L’écriture de la nature fait aussi résonner des influences étrangères majeures : Sylvain Tesson ou Arno Bertina entrent en dialogue avec Thoreau, André Bucher s’inspire de l’école du Montana tandis que Rigoni-Stern se lit en filigrane chez de nombreux écrivains, notamment Maryline Desbiolles. La question de l’appartenance, à un lieu, au « pays », se retrouve chez de nombreux auteurs qui évitent résolument les travers du nationalisme ou du régionalisme, tels Marie Darrieussecq, Jean-Christophe Bailly ou encore Jean-Loup Trassard qui réinvente le roman de la préhistoire pour dire le bocage normand. Cet écrivain de l’agriculture qui est aussi photographe le suggère, l’interrogation écopoétique instaure volontiers un dialogue avec d’autres pratiques esthétiques : certains romans évoquent le Land Art, tandis que la ruralité observée par Marie-Hélène Lafon fait écho aux films de Raymond Depardon. Le débat d’idées autour de la préservation de la nature se développe, et des éditeurs comme Gallmeister et Wildproject rendent accessible un corpus étranger longtemps méconnu.

L’ensemble des lieux où se pratique et se crée la langue française sont concernés.
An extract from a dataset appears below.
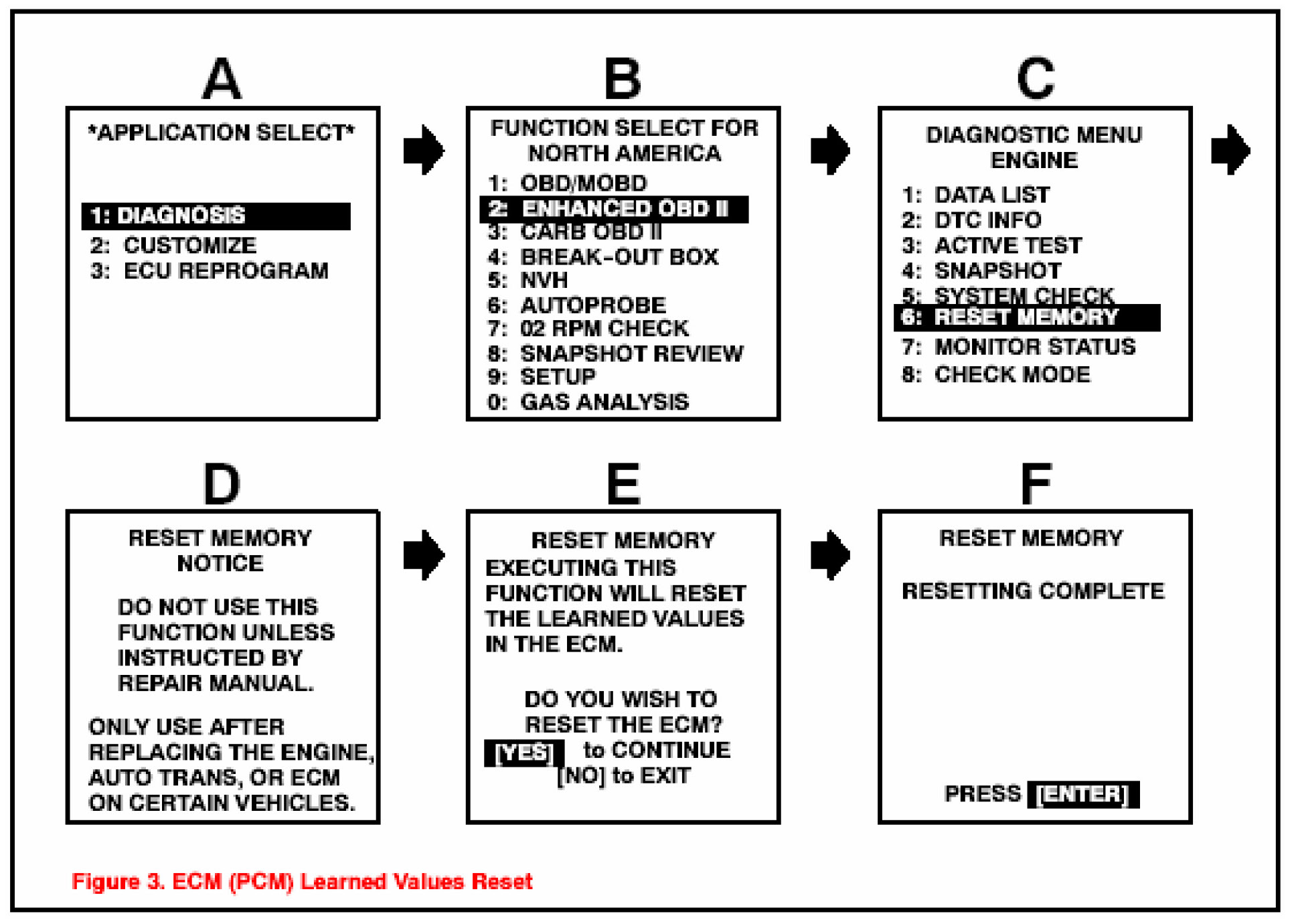 5. Reset the ECM learned values using the diagnostic tester. Refer to the procedures.

Jean-Marc Lovay et Blaise Hoffman ne se contentent plus d’évoquer la beauté des Alpes suisses, mais, à l’instar de la nature writing étasunienne, se confrontent à l’immensité de l’espace sauvage ; le Québécois Julien Gravelle fait surgir la rudesse du grand Nord tandis que le Guadeloupéen Daniel Maximin recourt à la menace d’un cyclone pour faire ressentir la puissance des éléments. Le véritable cataclysme est cependant d’origine humaine : nombreux sont les écrivains qui considèrent ainsi les conséquences et les survivances du système colonial – le Togo vu par Kossi Efoui –, qui explorent la relation à la nature dans les sociétés indigènes ou qui, tels Patrick Chamoiseau et Alain Mabanckou, associent la création romanesque à une oralité en prise sur le jaillissement du vivant.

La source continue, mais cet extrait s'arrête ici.